Required action
Pictures do not belong in the copy; print every entry exactly as it stands.
==================================================
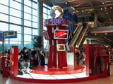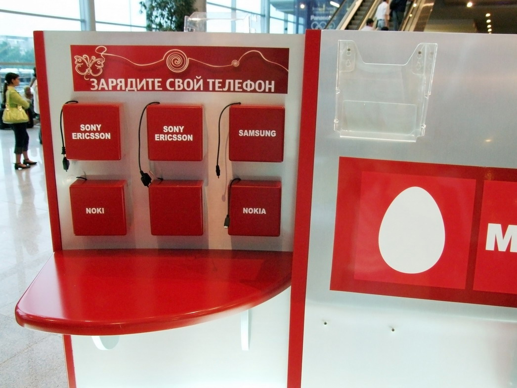 Москва - Домодедово Вот мы и отправились. На Павелецком вокзале явных следов Олимпиады мы не видели, но стали попадаться люди с олимпийской символикой - на куртках и сумках. Так что, ура, мы не одни. Мы приехали часа за два до вылета, так что у нас было время немного побродить по Домодедово. Тут олимпийская тема уже появилась. В центре зала стоит стенд МТС, на котором есть возможность зарядить мобильный телефон (и, кстати, даже iPhone, который пока в России официально не продается). Круглый стенд венчает земной шар с плывущей надписью «Роуминг». МТС - спонсор нашей сборной. На втором этаже со дня на день откроется магазин с олимпийскими товарами Боско. Сейчас его витрины закрыты огромной (или огромным?) Чебурашкой. Panasonic добавил к своей уже привычной рекламе с Такеши Китано олимпийские кольца. И очень удачно подобрал цитату режиссера: «Даже доли секунды таят в себе неповторимый сюжет». Фраза, как видите, объединяет как режиссерскую, так и олимпийскую тематику. Привет копирайтерам Panasonic. Ждем не дождемся Пекина, где компаний, которые стараются связать свой образ с Играми, будет в сотни раз больше. Естественно, нас в первую очередь интересны нетрадиционные и неожиданные способы продвижения.
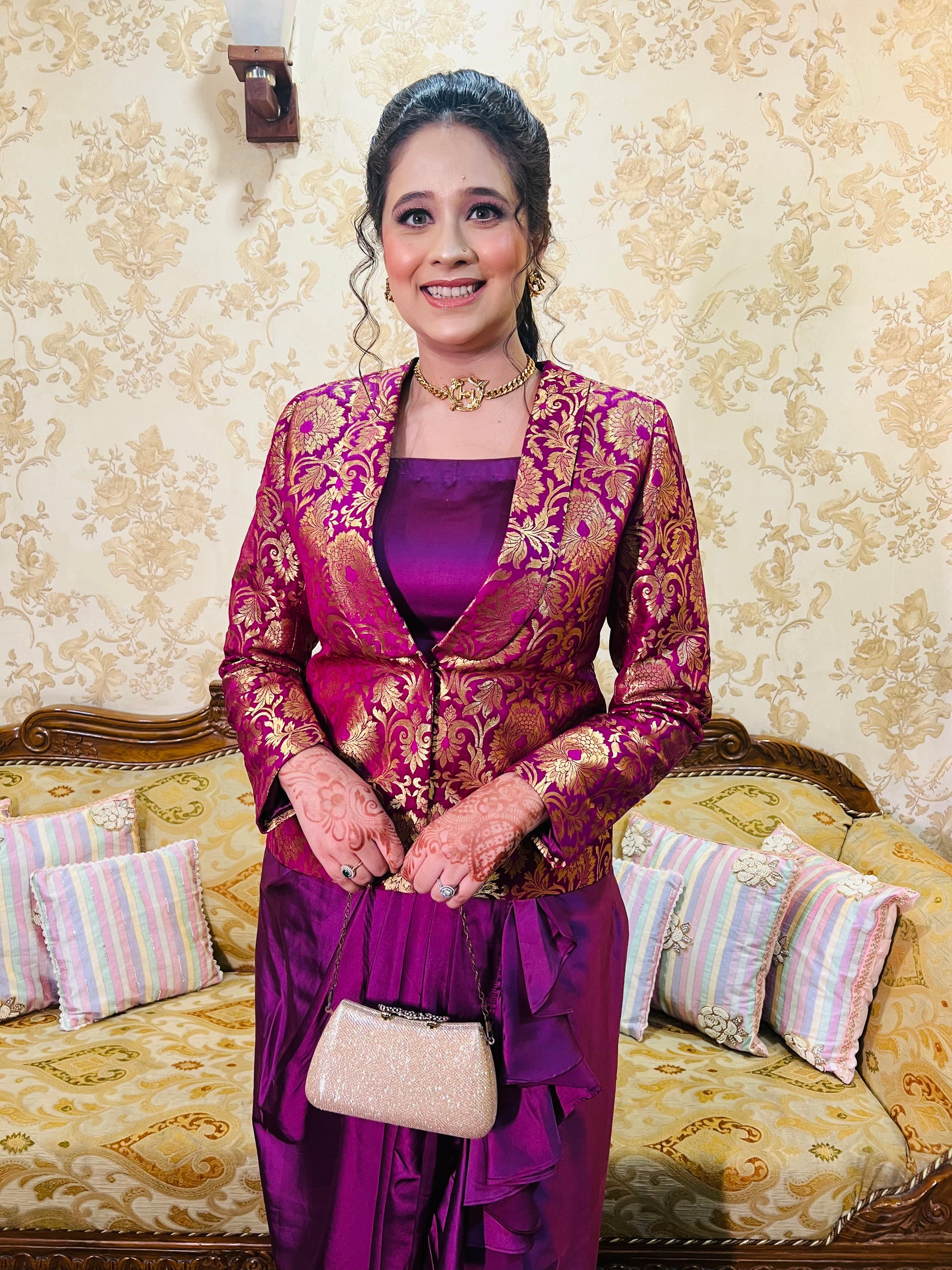 Stylish Violet Banarasi Set with a beautifully Banarasi Blazer š. The ruffled dhoti and statement jewelry add a touch of elegance, making it perfect for festive occasions šāØ. |
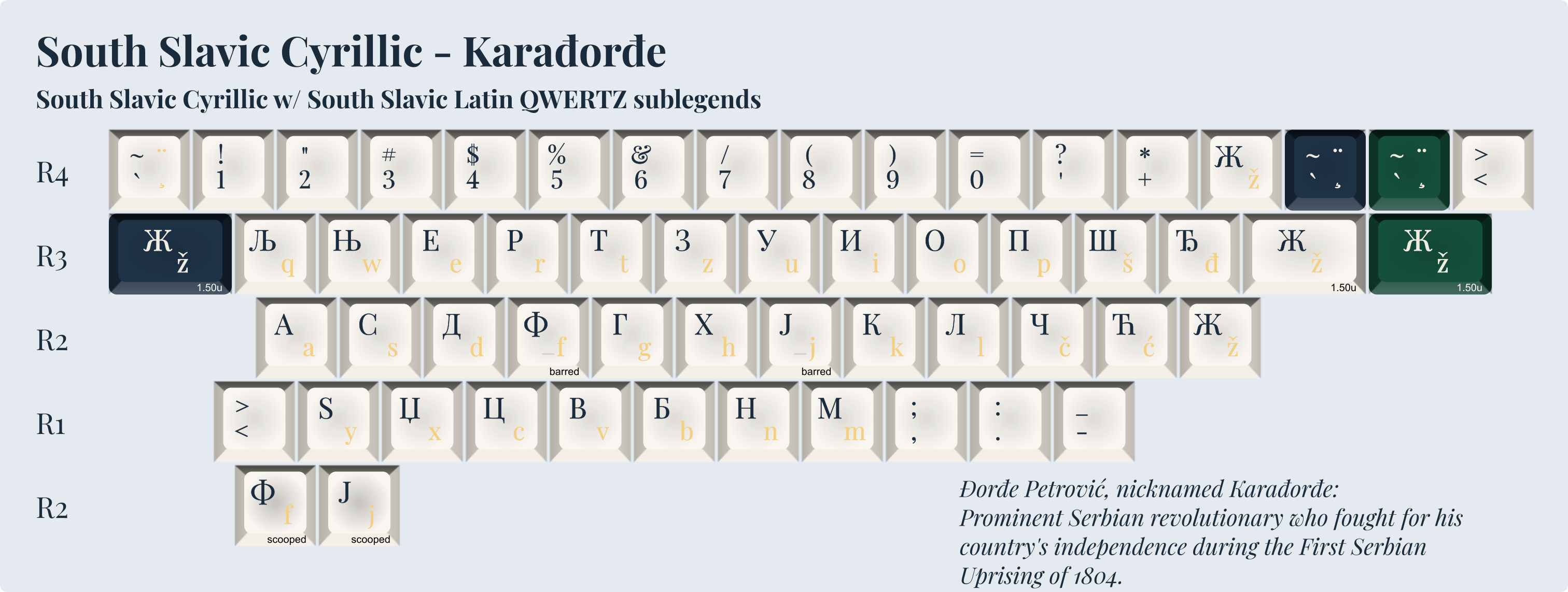 - Thanks to Konstantin for all the advice on the particulars of punctuation positioning in legends as well as for drawing the correct Cyrillic J for the Karađorđe alpha kit.
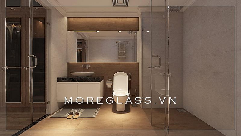 Việc sắp xếp không gian thông thoáng trong phòng tắm không chỉ tạo cảm giác thoải mái mà còn mang lại sự sáng tạo và hiện đại cho căn phòng nhỏ bé này. Một ý tưởng đầy tính thẩm mỹ là sử dụng kính để ngăn cách vùng shower với phần còn lại của phòng tắm, tạo ra một không gian rộng rãi và ánh sáng tự nhiên được lan tỏa hòa quyện khắp nơi.
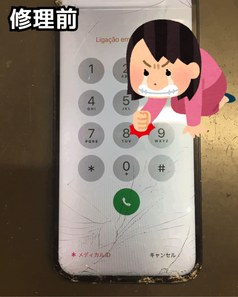 朝になったらスマホが手から落ちて画面が割れてた!!!
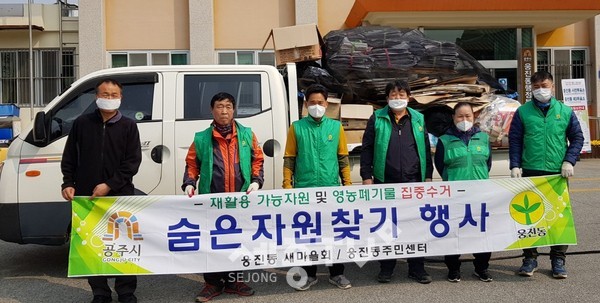 공주시 웅진동행정복지센터(동장 최상옥)와 웅진동 새마을협의회(회장 이명우, 부녀회장 김동순)은 지난 7일 환경의식을 고취하고 저탄소 녹색성장을 위한 자원재활용 실천운동인 ‘숨은 자원찾기’ 행사를 개최했다.
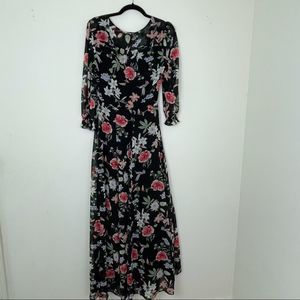 Lulu’s Black Floral Hummingbird Maxi Dress | M
==================================================
Solved problem
 Москва - Домодедово Вот мы и отправились. На Павелецком вокзале явных следов Олимпиады мы не видели, но стали попадаться люди с олимпийской символикой - на куртках и сумках. Так что, ура, мы не одни. Мы приехали часа за два до вылета, так что у нас было время немного побродить по Домодедово. Тут олимпийская тема уже появилась. В центре зала стоит стенд МТС, на котором есть возможность зарядить мобильный телефон (и, кстати, даже iPhone, который пока в России официально не продается). Круглый стенд венчает земной шар с плывущей надписью «Роуминг». МТС - спонсор нашей сборной. На втором этаже со дня на день откроется магазин с олимпийскими товарами Боско. Сейчас его витрины закрыты огромной (или огромным?) Чебурашкой. Panasonic добавил к своей уже привычной рекламе с Такеши Китано олимпийские кольца. И очень удачно подобрал цитату режиссера: «Даже доли секунды таят в себе неповторимый сюжет». Фраза, как видите, объединяет как режиссерскую, так и олимпийскую тематику. Привет копирайтерам Panasonic. Ждем не дождемся Пекина, где компаний, которые стараются связать свой образ с Играми, будет в сотни раз больше. Естественно, нас в первую очередь интересны нетрадиционные и неожиданные способы продвижения.
 Stylish Violet Banarasi Set with a beautifully Banarasi Blazer š. The ruffled dhoti and statement jewelry add a touch of elegance, making it perfect for festive occasions šāØ. |
 - Thanks to Konstantin for all the advice on the particulars of punctuation positioning in legends as well as for drawing the correct Cyrillic J for the Karađorđe alpha kit.
 Việc sắp xếp không gian thông thoáng trong phòng tắm không chỉ tạo cảm giác thoải mái mà còn mang lại sự sáng tạo và hiện đại cho căn phòng nhỏ bé này. Một ý tưởng đầy tính thẩm mỹ là sử dụng kính để ngăn cách vùng shower với phần còn lại của phòng tắm, tạo ra một không gian rộng rãi và ánh sáng tự nhiên được lan tỏa hòa quyện khắp nơi.
 朝になったらスマホが手から落ちて画面が割れてた!!!
 공주시 웅진동행정복지센터(동장 최상옥)와 웅진동 새마을협의회(회장 이명우, 부녀회장 김동순)은 지난 7일 환경의식을 고취하고 저탄소 녹색성장을 위한 자원재활용 실천운동인 ‘숨은 자원찾기’ 행사를 개최했다.
 Lulu’s Black Floral Hummingbird Maxi Dress | M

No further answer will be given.